Judges: McCLELLAN, McOLELLAN, Sayre
Filed Date: 6/30/1922
Status: Precedential
Modified Date: 10/19/2024
Appellee filed the bill in this cause to cancel, vacate, and annul a deed he had made to appellant, his daughter, on consideration that she would support and maintain complainant and his wife during the remainder of their lives. The wife died before any differences arose between the parties, and afterwards defendant, herself well advanced in middle age, married a man between whom and complainant there was much bad feeling. It is averred that defendant failed and refused to perform her obligation under the contract. No question is raised concerning the equity of the bill, it being conceded that in cases of this peculiar character, the remedy at law being wholly inadequate, equity, under our late decisions, will intervene to cancel the deed when the grantee has failed and refused substantially to perform his obligations under the contract. Johnson v. Chamblee,
"While such contracts are not often in form a trust, they are usually in fact a trust.
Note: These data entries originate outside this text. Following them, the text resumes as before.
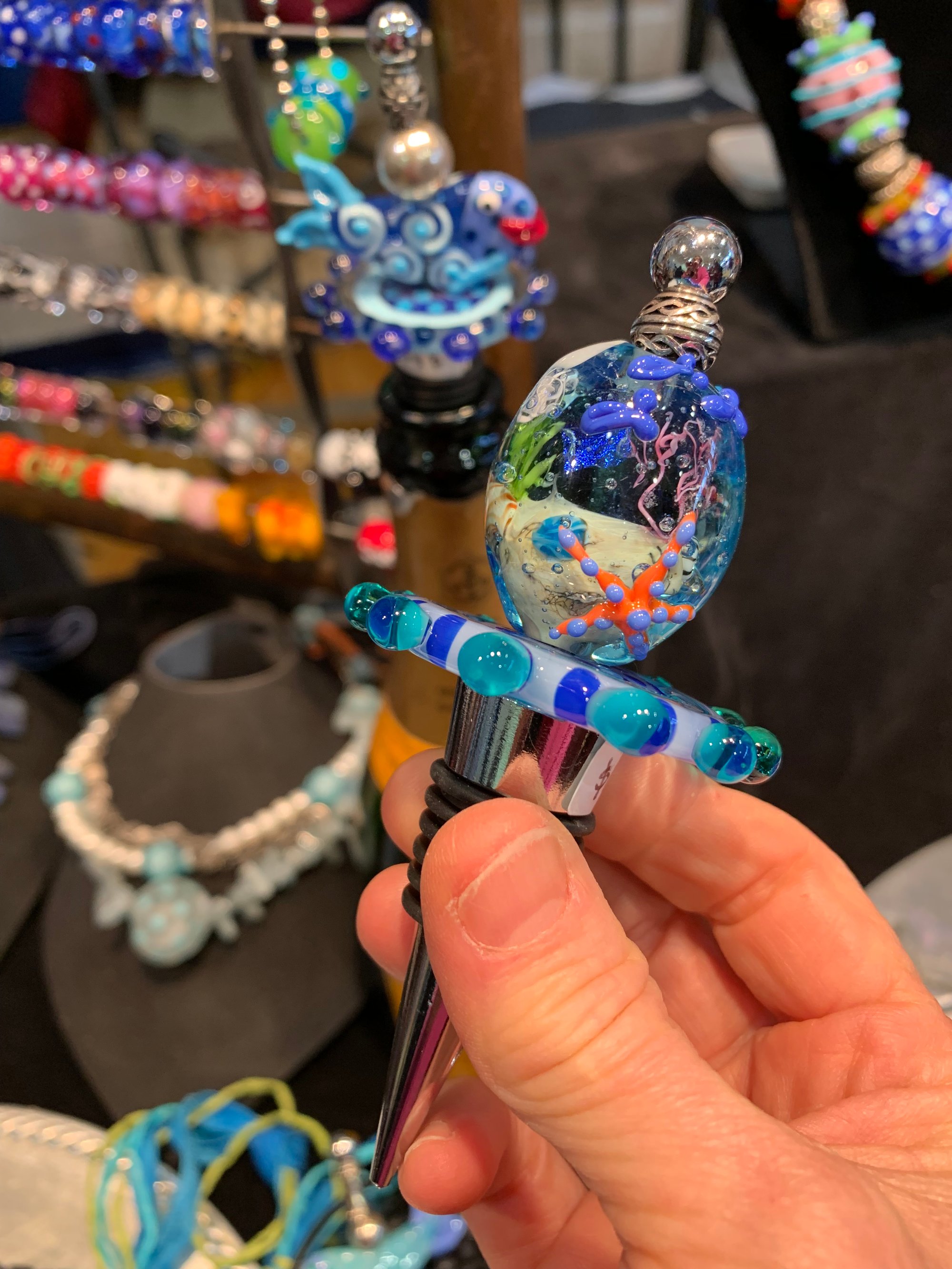Wow your friends with this amazing one of a kind aquarium wine stop. You can't stop looking at it...there's so much going on... It's a little water world of its own.
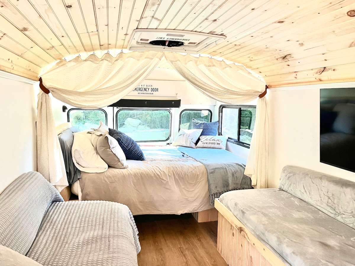 Escape to nature and unwind in our cozy, converted school bus nestled on 10 acres along a quiet basin of the Pemigewasset River in New Hampshire's scenic Lakes Region. Hiking and mountain biking trails, a whitewater kayaking park and disc golf are all available within 2 miles. Whether you're seeking adventure, serenity, or a unique getaway, this charming schoolie offers the perfect blend of rustic comfort and modern amenities.
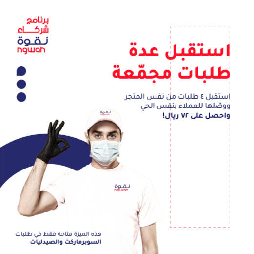 مثلاً : استقبل 4 طلبات من نفس المتجر ووصلها للعملاء بنفس الحي واحصل على ٧٢ ريال
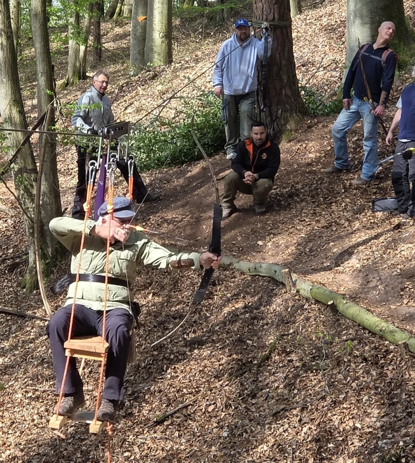Mit seinem Langbogen zeigt Jürgen eine beeindruckende Leistung.
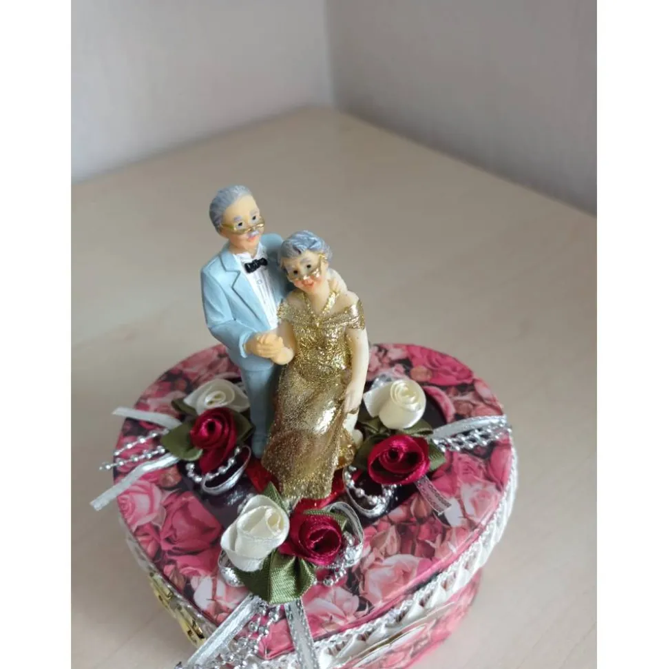 Du suchst nach einer besonderen Art, Geld zur Hochzeit oder zum 60. Hochzeitstag zu verschenken? Mit dieser liebevoll gestalteten Herzbox triffst du garantiert ins Schwarze! Anstatt Geld im Umschlag zu überreichen, setzt du mit dieser Szene ein echtes Highlight. Die Herzbox misst 11x 8,5 x 6 cm und ist mit zahlreichen Dekoelementen ausgestattet, die das Geschenk zu einem echten Blickfang machen.

One under the stress of infirmity or age surrenders his property to another, for relief from care and anxiety, and receives in return an assurance of support. The result, so far as the donor is concerned, would be no different if he had made an express deed of trust. The parties do not contemplate a mere contract, but an obligation binding on conscience as well as in law. The arrangement rests in confidence on the part of the grantor. It would, indeed, be a hard rule, when the feeble party has fully performed his part of the contract in the hope of security and quiet, to require him to spend the remainder of his life in lawsuits to compel performance by the other party."
The courts have differed as to the form and equitable grounds of relief; but, as we have already said, they have held with substantial unanimity that relief will be afforded against conveyances for support on nonperformance of the agreement. Abbott v. Sanders,
The issue between the parties is one of fact, defendant averring that, substantially, she has ever been willing to perform and did in fact perform her obligation to complainant as long as he remained under the roof he gave her, and that his leaving was the result of the petulance and unreasonable humors of old age, not any substantial fault of her own. The evidence has had careful consideration, and we have concluded, in view of all the circumstances, which need not be stated in detail, that the old man, the complainant, was justified in seeking another dwelling place, and in consequence that the chancellor committed no error in his decree.
Affirmed.
All the Justices concur, except McCLELLAN, J., who dissents.